Let's see the execution plan:
SELECT Compute Scalar Stream Aggregate Compute Scalar Nested Loops (Inner Join) Hash Match (Aggregate) Concatenation Index Seek ([20090630_events].[t_event].[ix_event_start]) Index Seek ([20090630_events].[t_event].[ix_event_end__start]) Key Lookup ([20090630_events].[t_event])
We see that both indexes are used.
The OR
condition, which is in general cannot be optimized well by database systems, has one advantage in this case: the query above can be rewritten using UNION
:
DECLARE @week_start DATETIME DECLARE @week_end DATETIME SET @week_start = '2009 Jun 30'; SET @week_end = DATEADD(week, 1, @week_start) SELECT SUM(LEN(e.evt_data)) FROM ( SELECT id FROM [20090630_events].t_event WHERE evt_start > @week_start AND evt_start <= @week_end UNION ALL SELECT id FROM [20090630_events].t_event WHERE @week_start BETWEEN evt_start AND evt_end ) eo JOIN [20090630_events].t_event e ON e.id = eo.id OPTION (LOOP JOIN)
7766400 | |||||||||||||||||||||||||||||||||||||||||||||||||||||||||||||||||||||||||||||||||||||||||||||||||||
1 row fetched in 0.0002s (0.0951s) |
Table 't_event'. Scan count 5, logical reads 79390, physical reads 0, read-ahead reads 0, lob logical reads 0, lob physical reads 0, lob read-ahead reads 0. Table 'Worktable'. Scan count 0, logical reads 0, physical reads 0, read-ahead reads 0, lob logical reads 0, lob physical reads 0, lob read-ahead reads 0. SQL Server Execution Times: CPU time = 109 ms, elapsed time = 95 ms.
Rewriting as a UNION
separates two OR
conditions and lets more efficient index be used for each part.

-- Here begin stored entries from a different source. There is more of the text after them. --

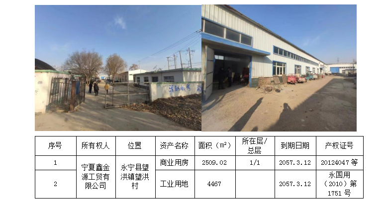 抵押物為寧夏鑫金源工貿(mào)公司名下位于永寧縣望洪鎮(zhèn)望洪村的工業(yè)用地和廠房,總建筑面積2509.02平米,占地面積4467平米,目前部分處于租賃狀態(tài),作為倉儲(chǔ)使用。
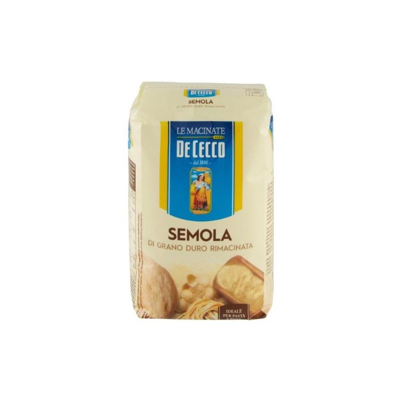 La Semola di grano duro rimacinata De Cecco,è particolarmente adatta per la realizzazione di fragrante pane fatto in casa e per la preparazione manuale o con la macchina automatica di ottime fettuccine,maccheroni alla chitarra,gnocchi,lasagne per timballo,cannelloni e qualsiasi altro formato anche senza uova.
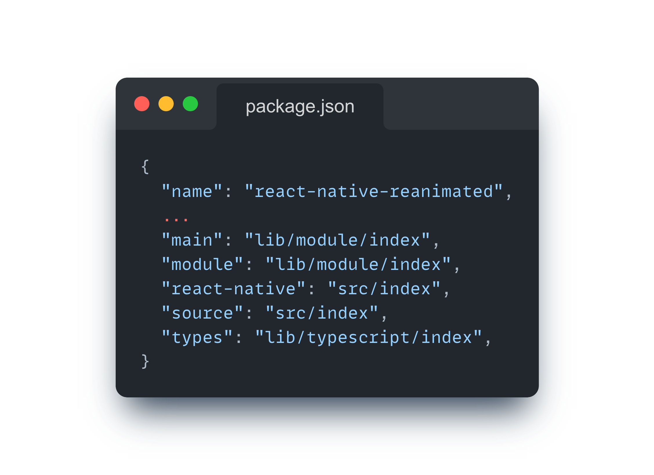 react-native-reanimated 라이브러리를 예시로 확인해보면 package.json 파일에 아래와 같은 정보가 포함된 것을 확인할 수 있다.
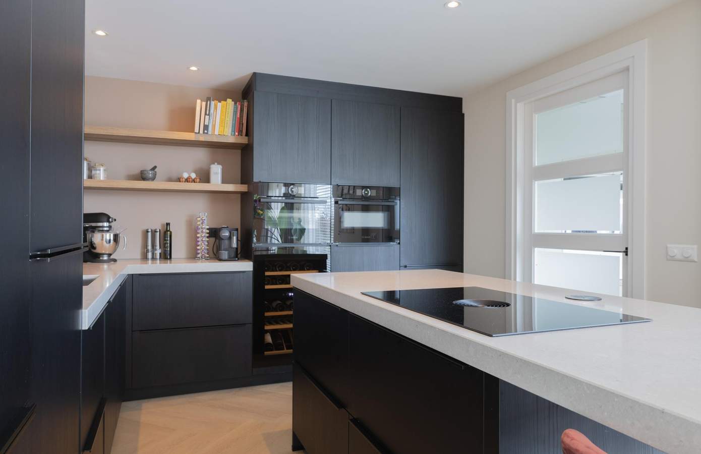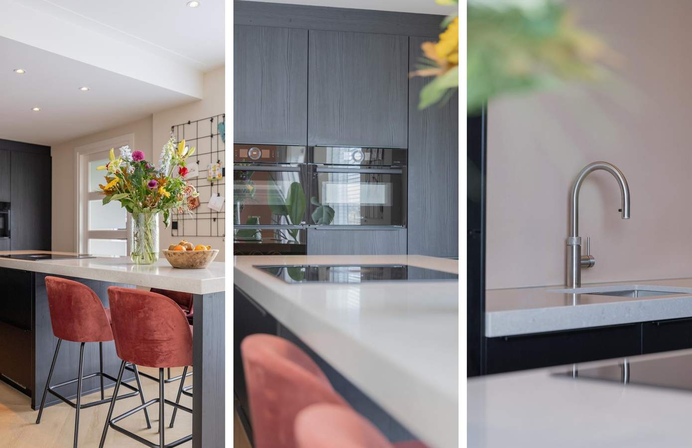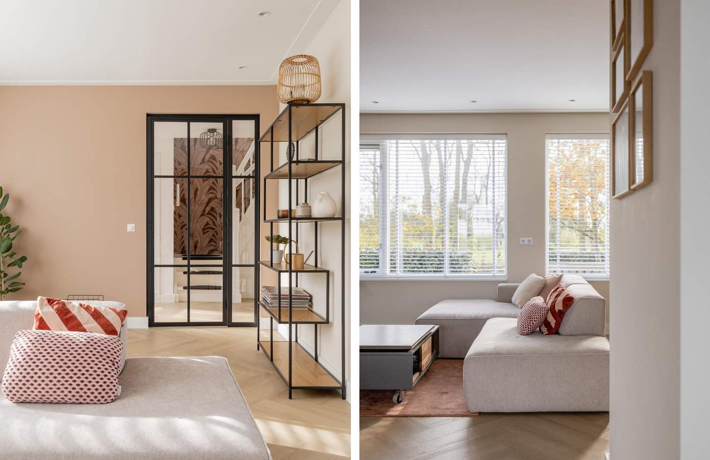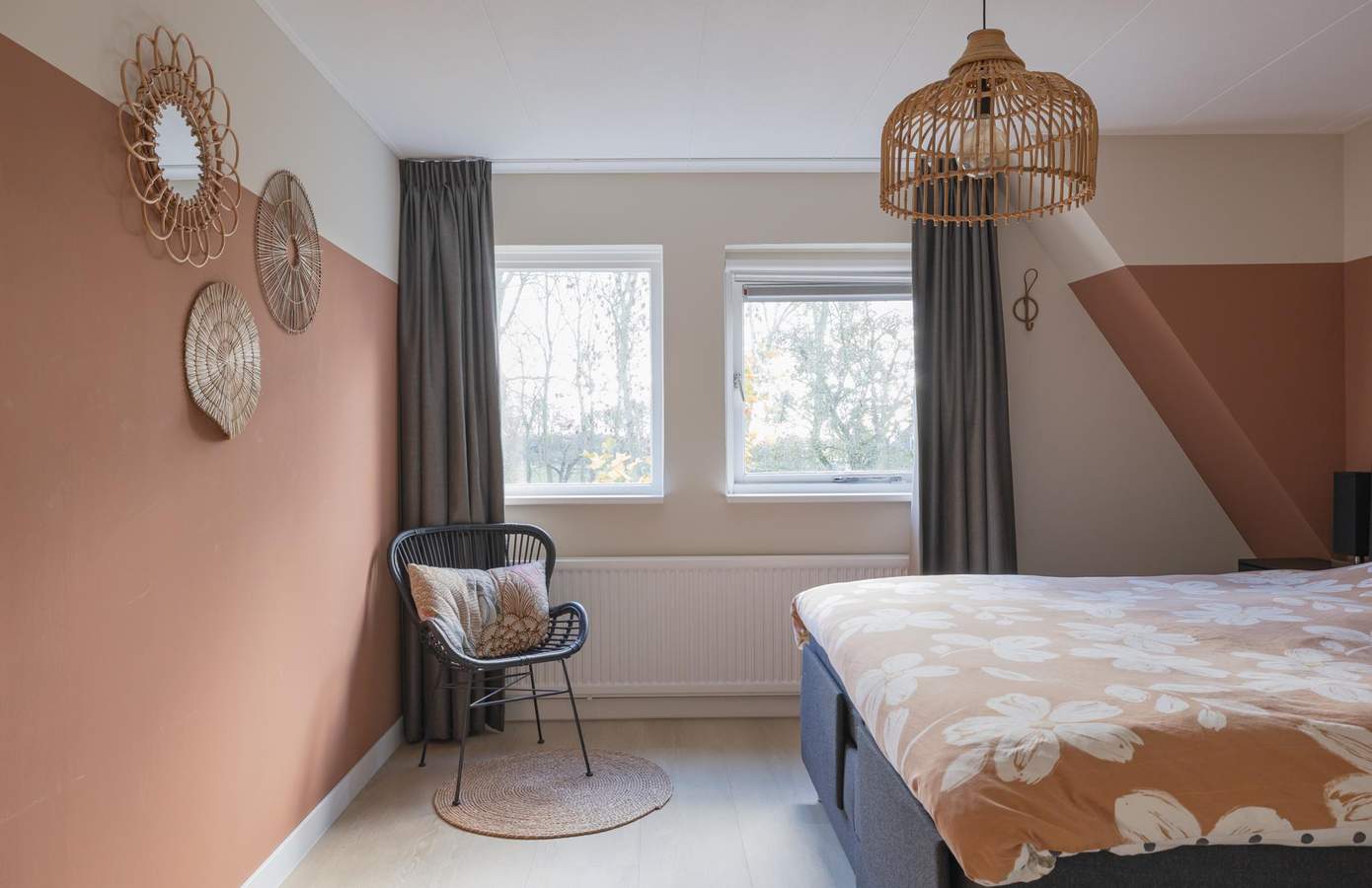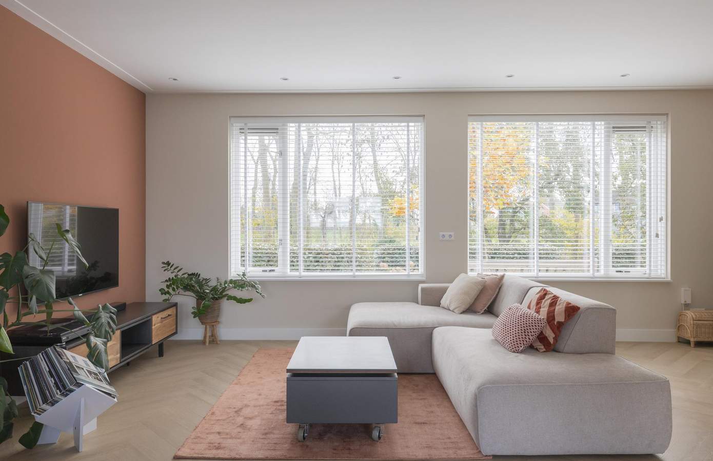 Bij binnenkomst voelt u direct de moderne en warme sfeer die dit huis kenmerkt. In 2021 is de gehele begane grond tot in detail gerenoveerd: van vloeren tot plafonds, van indeling tot verlichting. De stijlvolle visgraatvloer, gladde wanden, inbouwverlichting en hoogwaardige afwerking zorgen voor een eigentijdse en moderne uitstraling. De keuken is strak vormgegeven met een kookeiland, luxe inbouwapparatuur en een prettige verbinding met de eethoek. Vanuit de eethoek heeft u aan de achterzijde een adembenemend uitzicht over de landerijen. Grenzend aan de keuken bereikt u de bijkeuken, ook deze is naast dat de ruimte functioneel is, ook stijlvol. Een op maat gemaakt meubel biedt ruimte aan een koelkast, de wasmachine en droger en er is een aparte wasbak.
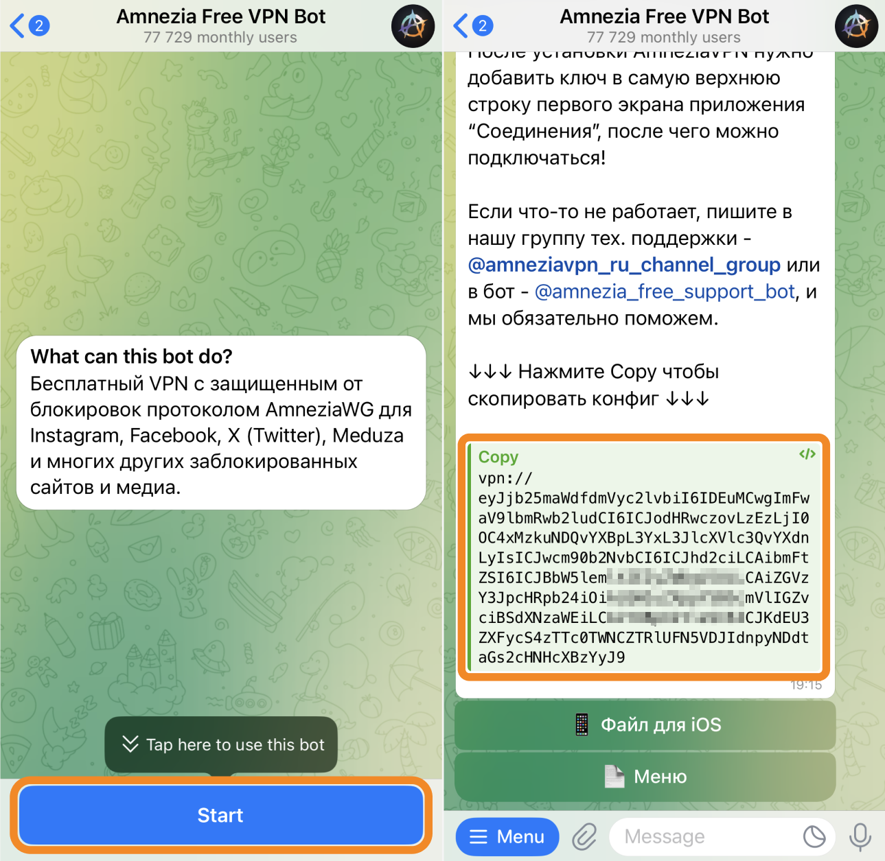 - Нажмите кнопку Start в чате с ботом, в ответ вы получите сообщение с ключом vpn:// для подключения.
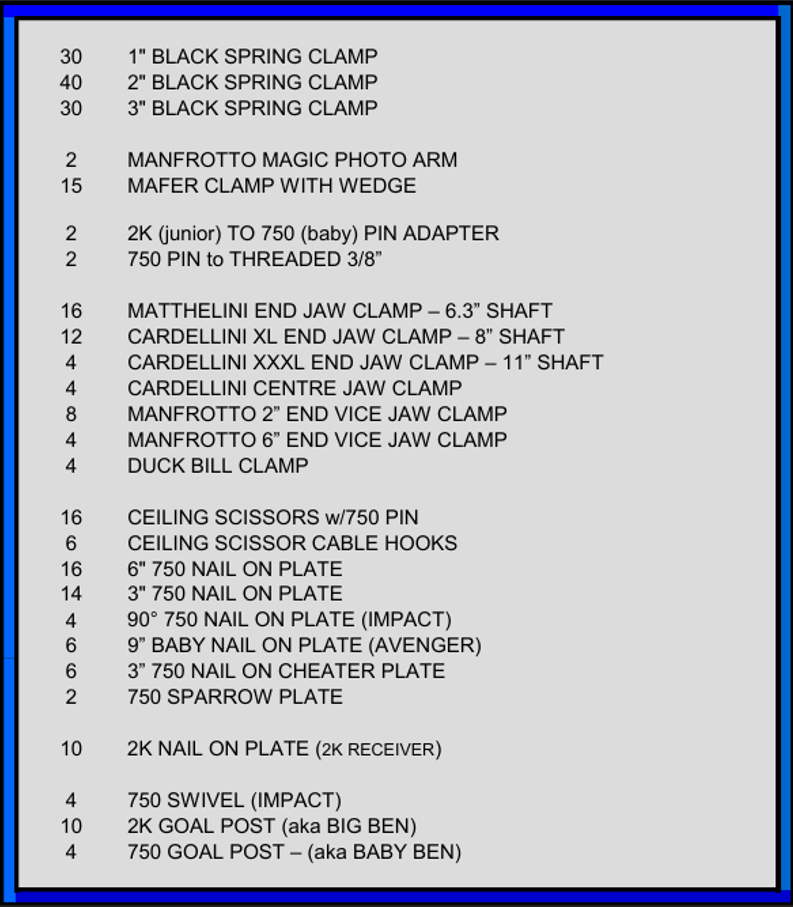 LIGHTING AND GRIP HARDWARE

The rewritten query uses essentially same plan as the original one:
SELECT Compute Scalar Stream Aggregate Parallelism (Gather Streams) Stream Aggregate Compute Scalar Nested Loops (Inner Join) Sort Concatenation Index Seek ([20090630_events].[t_event].[ix_event_start]) Index Seek ([20090630_events].[t_event].[ix_event_end__start]) Clustered Index Seek ([20090630_events].[t_event])
In fact, with the current values of @week_start
and @week_end
, it's even more efficient than our original query (since we can safely use UNION ALL
here).
However, this syntax robs the optimizer of an opportunity to revert to Clustered Table Scan
should the values change, and therefore has inferior worst case performance.
SQL Server's optimizer is smart enough to see that a logical disjunction of two conditions can be represented as a UNION
of these conditions and each of the conditions can be efficiently searched separately using the appropriate index.